What do I do now? I just crushed yesterday and during all the confusion of our wine club group crush, I made a mistake in my math for adding sulfites. I have about 50 gallons of cab sauv must and I ended up adding about 7 teaspoons of potassium metabisulfite. I should have used only about 2.5 teaspoons. My brix are about 25.5 and my PH is 3.14. I don't have my TA yet because my chemicals are still in the mail. I plan to do MLF. I would also like to add my yeast tonight. Are there some yeasts that will do better with high sulfites? What is going to happen if I have too much sulfites? Any suggestions on what I should do?


----------



## Deezil (Oct 23, 2010)

Stir until your arm falls off, then pick it up and stir some more.. I had too much sulfite in my peach at first, stirred it and it started.. Too much sulfite, and it wont start..


----------



## Tom (Oct 23, 2010)

Yep.. Stir like crazy and leave the lid off for a couple of days so the sulfites can release


----------



## Tom (Oct 23, 2010)

DO NOT ADD YEAST tonight


----------



## Dufresne11 (Oct 23, 2010)

Introduce as much O2 as possible...


----------



## Wade E (Oct 23, 2010)

I agree with above and will say you should really get an S02 test now to. If possible I would splash rack the wine instead of stirring if you can as that will let the excess S02 out much easier then just stirring. I would not attemp adding yeast for a few days. The reason I say get an S02 test is to test the S02 after fermentation to see if you have burned through enough S02 for your Malo to be possible. 20 - 30 PPM is about the most any MLB will start in and even that is pretty high. I would get a good starter yeast going right now with some store bought grape juice with no sulfites or sorbate or even benzoate in it and get that going good and then start slowly introducing your must into it to get your yeast acclimated to a higher sulfite level. Start with maybe a quart and once thats going good add 1 cup of your must. If that gets going good add another cup. Keep doing this until youve at least dbled your starter and hopefully by then you will have gotten your S02 level down enough.


----------



## Joedaddy (Oct 23, 2010)

Thanks guys, my arm is sore now.
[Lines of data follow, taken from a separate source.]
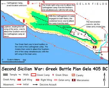 The Carthaginians were camped to the west of Gela and Dionysius planned a three-pronged attack[20] that had to follow a precise timetable. The Carthaginian cavalry was posted on the landward side while the mercenaries were on the seaward side, with the Africans in between inside the camp. Dionysius, observing that a seaborne force could attack the camp from the south, where it was open and lightly defended, decided on the following course: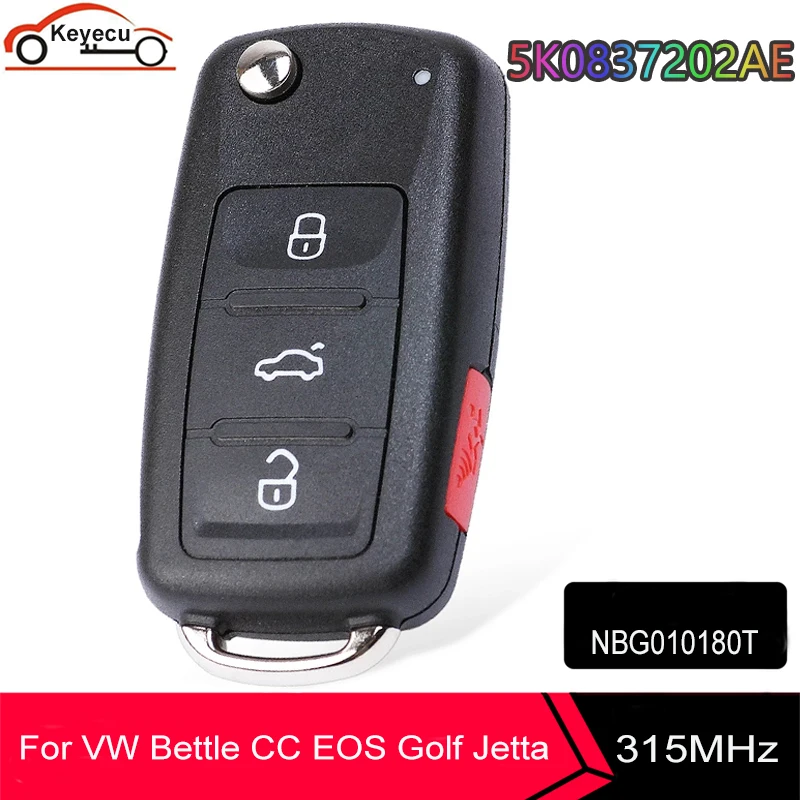 Раскладной Автомобильный ключ KEYECU для VW Bettle CC EOS Golf Jetta Passat Tiguan Touareg 2014 2015 2016 4 кнопки 5K0837202AE 315 МГц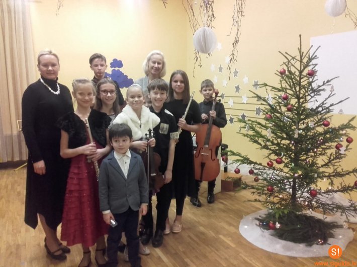 Piedāvājot interesantu koncertprogrammu, jaunie mūziķi – pianisti, vijolnieki, čellisti un flautisti, skolotājas D.Ulases un koncertmeistares D.Dzelvītes vadībā, koncertā atskaņoja gan pazīstamas klasiskās mūzikas, gan populāras Ziemassvētku melodijas. Pasākuma izskaņā stīgu un flautu instrumentu ansamblis uzbūra jauku Ziemassvētku noskaņu mūzikas ainu.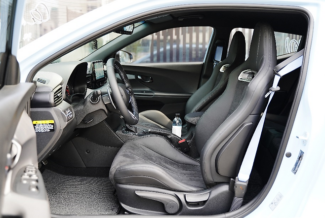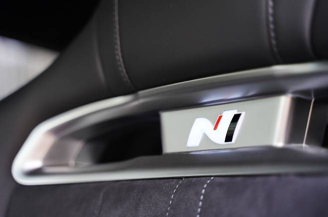N 라이트 스포츠 버켓 시트는 120만원에 제공되는 옵션 사양이다. 공격적인 형상이나 몸 닿는 부위에 더해진 스웨이드, 일체형 헤드레스트 아래 적용된 N 조명 등이 보기 좋다. 기존 시트는 허리와 허벅지를 받치는 부분이 부드러웠지만, 새로운 시트는 한층 딱딱하기도 하고 스웨이드가 적용된 덕분에 몸을 아주 잘 잡아준다. 단 시트 포지션이 순정 시트와 같은 점은 치명적인 단점이다.

I also have too many stems in the must so I am stirring and picking stems at the same time. I guess I can hold off on fermentation because the grapes aren't going to spoil because of the lack of sulfites. I already have a fruit fly prob so I just put a sheet over the fermenters. It doesn't smell like sulfites like it did last night so I am feeling better. I think I will wait on pitching yeast a couple of days and then I will test sulfites before I get MLF going.

A bigger problem than sulfites might be high acidity. It wasn't the best year for growing grapes in Washington State and a lot of people are having to add stuff to adjust acid. I am going to wait on adding anything until I test again after fermentation.


----------



## grapeman (Oct 24, 2010)

If it is real high in acid, then you might do better to add calcium carbonate now to correct, especially in light of the high sulfites. If you can't get the malo going later because of it, you will be stuck with a high acid since with potassium carbonate you are limited to no more than a 0.3 drop.


----------



## Joedaddy (Oct 26, 2010)

Life is good now. It started fermentation this morning just fine. Acid is not too high.


----------